Nabriva is attempting to raise up to $25.0 million, before fees and offering expenses payable by the company. Nabriva plans to use the net proceeds from the offering for general corporate purposes, including working capital and pre-commercial activities.

Nabriva reserves the right to cancel or terminate the rights offering at any time.

A registration statement relating to these securities has been filed with and declared effective by with the U.S. Securities and Exchange Commission (SEC). The rights offering is being made only by means of a prospectus supplement and accompanying prospectus, copies of which may be obtained from Georgeson LLC, Nabriva’s Information Agent, at 866-278-8941 or by writing to Georgeson LLC at 1290 Avenue of the Americas, 9th Floor, New York, New York 10104 or by e-mail at Nabriva@georgeson.com.

This press release shall not constitute an offer to sell or the solicitation of an offer to buy, nor shall there by any sale of, these securities in any state or jurisdiction in which such offer, solicitation or sale would be unlawful prior to registration or qualification of these securities under the securities laws of any such state or jurisdiction.

About Nabriva Therapeutics AG

Nabriva Therapeutics is a clinical stage biopharmaceutical company engaged in the research and development of novel anti-infective agents to treat serious bacterial infections, with a focus on the pleuromutilin class of antibiotics.

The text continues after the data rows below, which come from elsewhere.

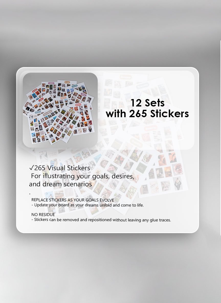 265 motivational stickers on 12 sheets – create colorful collages and inspiring visual compositions.
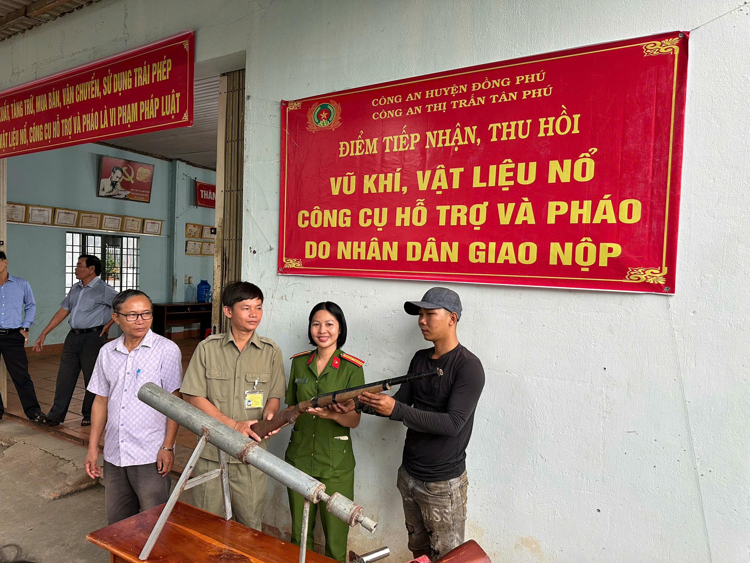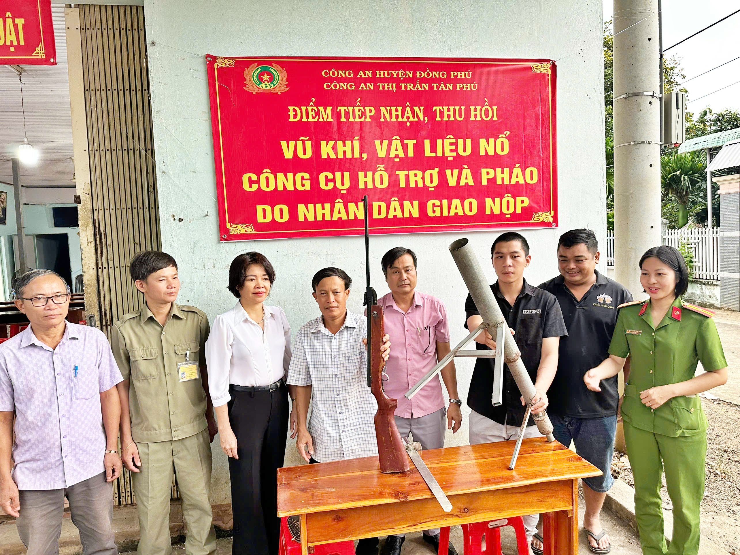 Tiếp đó, UBND thị trấn Tân Phú đã phát động ra quân “ngày hội toàn dân giao nộp vũ khí, vật liệu nổ, công cụ hỗ trợ và pháo” từ ngày 01/11/2024 đến ngày 28/02/2025. Qua đây, lãnh đạo thị trấn kêu gọi tất cả người dân trên địa bàn tích cực tham gia, tìm hiểu quy định của pháp luật về quản lý, sử dụng vũ khí, vật liệu nổ, công cụ hỗ trợ; tự giác giao nộp các loại vũ khí, vật liệu nổ, công cụ hỗ trợ và pháo tại các điểm tiếp nhận, thu gom của lực lượng công an. Các cơ quan, ban, ngành, đoàn thể của thị trấn và ban điều hành các khu dân cư đẩy mạnh vận động người dân tham gia tố giác, cung cấp thông tin, các vụ việc, hiện tượng liên quan chế tạo, sản xuất, mua bán, vận chuyển, tàng trữ, sử dụng trái phép vũ khí, vật liệu nổ, công cụ hỗ trợ và pháo nhằm giúp lực lượng chức năng thu hồi, đấu tranh, xử lý.
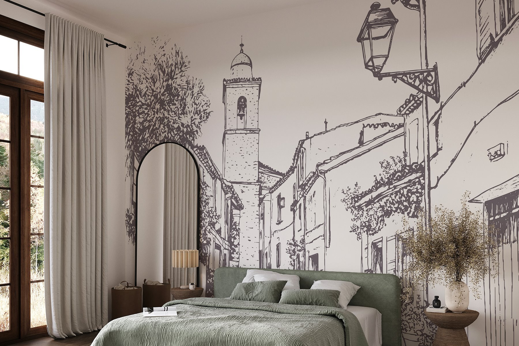 Transforme cualquier pared con este encantador mural de una pintoresca escena callejera. Imagínatelo: un sinuoso camino bordeado de fachadas de edificios y un encantador campanario, todo ello envuelto en un bonito estilo de boceto. Es como una mini escapada cada vez que pasas por allí. Imagina que coges un café, te sientas en ese rincón acogedor que has creado y dejas que tu mente se pasee por ese pintoresco camino. Las plantas que trepan por los edificios añaden un toque de vida, dando una sensación de calidez y nostalgia. Esta pieza no es sólo decoración; es una invitación a soñar despierto con calles soleadas y aventuras a la vuelta de la esquina. Perfecta para quienes buscan un toque de fantasía en su espacio.
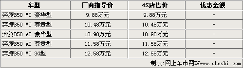 據(jù)一汽奔騰4S店銷售人員介紹,奔騰B50目前的銷售情況非常好,但現(xiàn)在所有車型顏色均不是很全,部分顏色仍需要預(yù)訂。消費(fèi)者如果預(yù)訂奔騰B50,需要交付1000元訂金,而且B50自上市起到現(xiàn)在一直沒(méi)有任何優(yōu)惠活動(dòng)。而3G版車型則一直處于無(wú)車的狀態(tài),還請(qǐng)消費(fèi)者諒解。
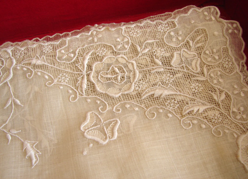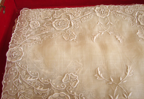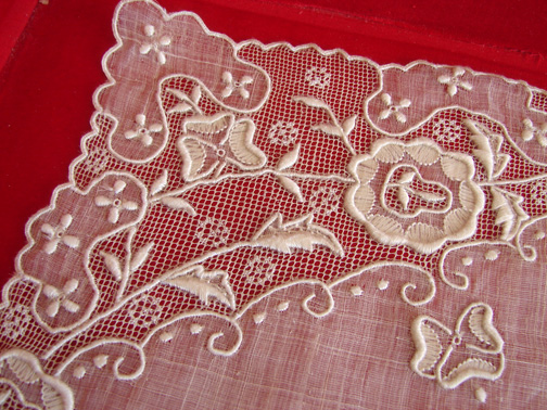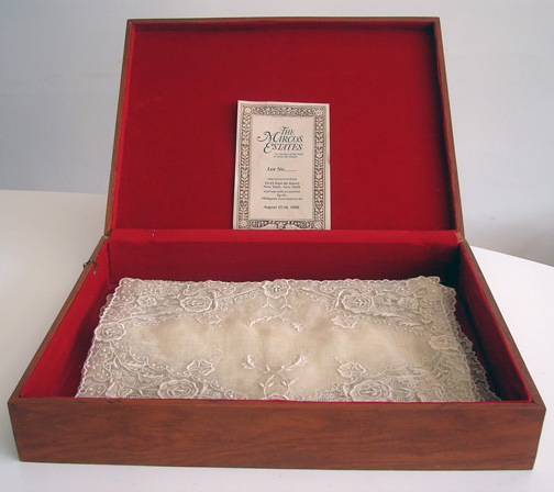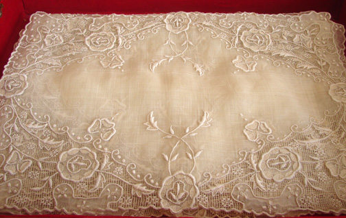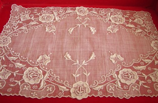 Measuring apprx. 17" by 11 1/2". This offering is for ten placemats. As in other placemat set the box is not included, as we have two other sets, but the box will be included for purchasing two sets or more. In good, strong condition but needs laundering.
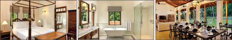 An eclectic blend of vintage architecture and modern comforts, Wahawa Walauwa is an elegant white clad bungalow that sits on a beautifully manicured five acres lawn with a backdrop of towering trees and a pool that beckons. Beyond the foyer and following a traditional ‘meda midula’ sprawls a vast rear verandah that doubles as a sitting and dining area that soothes the eye and calms the spirit with vistas of swaying coconut fronds, and the greenery of the lawn that blends with the azure of the pool and the soaring perimeter trees that guard like sentinels. Wahawa Walauwa features six luxurious and spacious suites – four grand suites and two junior suites. Each suite is a cosy retreat that promises relaxation and indulgence, with four poster beds garbed in crispy white sheets and luxurious pillows, a sitting area and the largest ensuite bathroom ever, made complete with a clawfoot bathtub which will enable a sublime soak creating the perfect end to a busy day trekking or visiting the multitude of nearby historical sites.
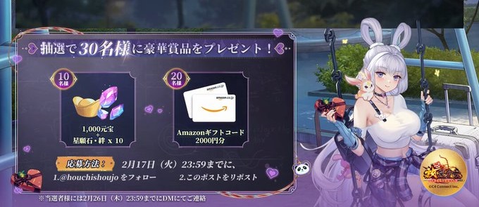 賞品:1000元宝+星願石・絆×10、Amazonギフト券2,000円分(合計30名様)
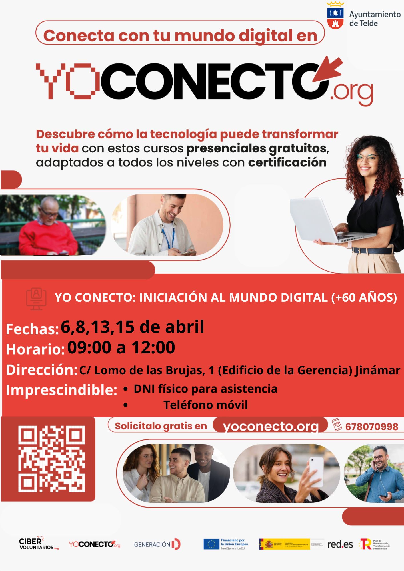 Para asistir a ambos cursos es imprescindible presentar el DNI físico para la asistencia y disponer de un teléfono móvil. Las inscripciones pueden realizarse a través de la web yoconecto.org o llamando al 678 070 998.
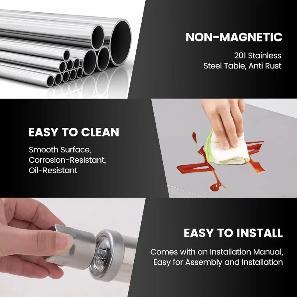 Easy to Maintain: Made from high-quality stainless steel, this kitchen prep table resists rust, stains, and corrosion. Its smooth, non-porous surface wipes clean in seconds, making it ideal for busy chefs, bartenders, or outdoor cooking. Whether in a commercial kitchen or home setup, hygiene is effortless.
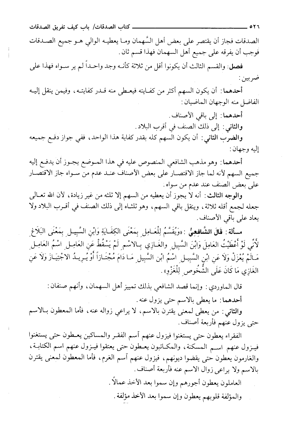 الصَّدَقَاتِ فَجَازَ أَنْ يَقْتَصِرَ عَلَى بَعْضِ أَهْلِ السُّهْمَانِ وَمَا يُعْطِيهِ الْوَالِي هُوَ جَمِيعُ الصَّدَقَاتِ فَوَجَبَ أَنْ يُفَرِّقَهُ عَلَى جَمِيعِ أَهْلِ السُّهْمَانِ فَهَذَا قِسْمٌ ثَانٍ.
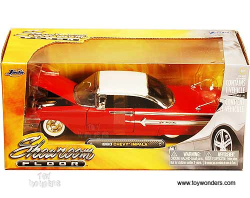 92368 Jada Toys Showroom Floor - 1960 Chevy Impala Hard Top. 1:24 scale diecast collectible model car. This Chevrolet Impala is an 8.75"L x 3.25"W x 2"H die cast metal car with openable doors & hood. This 60 Chevy Impala is manufactured by Jada Toys. Individually packed in a window box WB. Box size: 10"L x 4.75"W x 4.75"H. 6 pcs per inner box. GM is a trademark of the General Motors Corporation.

Forward Looking Statements

Any statements in this document about future expectations, plans and prospects for Nabriva, including but not limited to statements about prospective financings and other statements containing the words “anticipate,” “believe,” “estimate,” “expect,” “intend,” “may,” “plan,” “predict,” “project,” “target,” “potential,” “likely,” “will,” “would,” “could,” “should,” “continue,” and similar expressions, constitute forward-looking statements within the meaning of The Private Securities Litigation Reform Act of 1995. Actual results may differ materially from those indicated by such forward-looking statements as a result of various important factors, including: market and other financing conditions, volatility in the foreign exchange market, including the euro-to-U.S. dollar exchange rate, the level of participation in the rights offering by existing common shareholder and ADS holders, whether Cantor Fitzgerald & Co. determines to purchase any unsubscribed common shares in the rights offering, the uncertainties inherent in the initiation and conduct of clinical trials, availability and timing of data from clinical trials, whether results of early clinical trials or trials in different disease indications will be indicative of the results of ongoing or future trials, uncertainties associated with regulatory review of clinical trials and applications for marketing approvals, the availability or commercial potential of product candidates including lefamulin for use as a first-line empiric monotherapy for the treatment of moderate to severe community-acquired bacterial pneumonia (CABP), the sufficiency of cash resources and need for additional financing and such other important factors as are set forth under the caption “Risk Factors” in Nabriva’s annual report on Form 20-F as filed with the United States Securities and Exchange Commission. In addition, the forward-looking statements included in this document represent Nabriva’s views as of the date of this document. Nabriva anticipates that subsequent events and developments will cause its views to change. However, while Nabriva may elect to update these forward-looking statements at some point in the future, it specifically disclaims any obligation to do so. These forward-looking statements should not be relied upon as representing Nabriva’s views as of any date subsequent to the date of this document.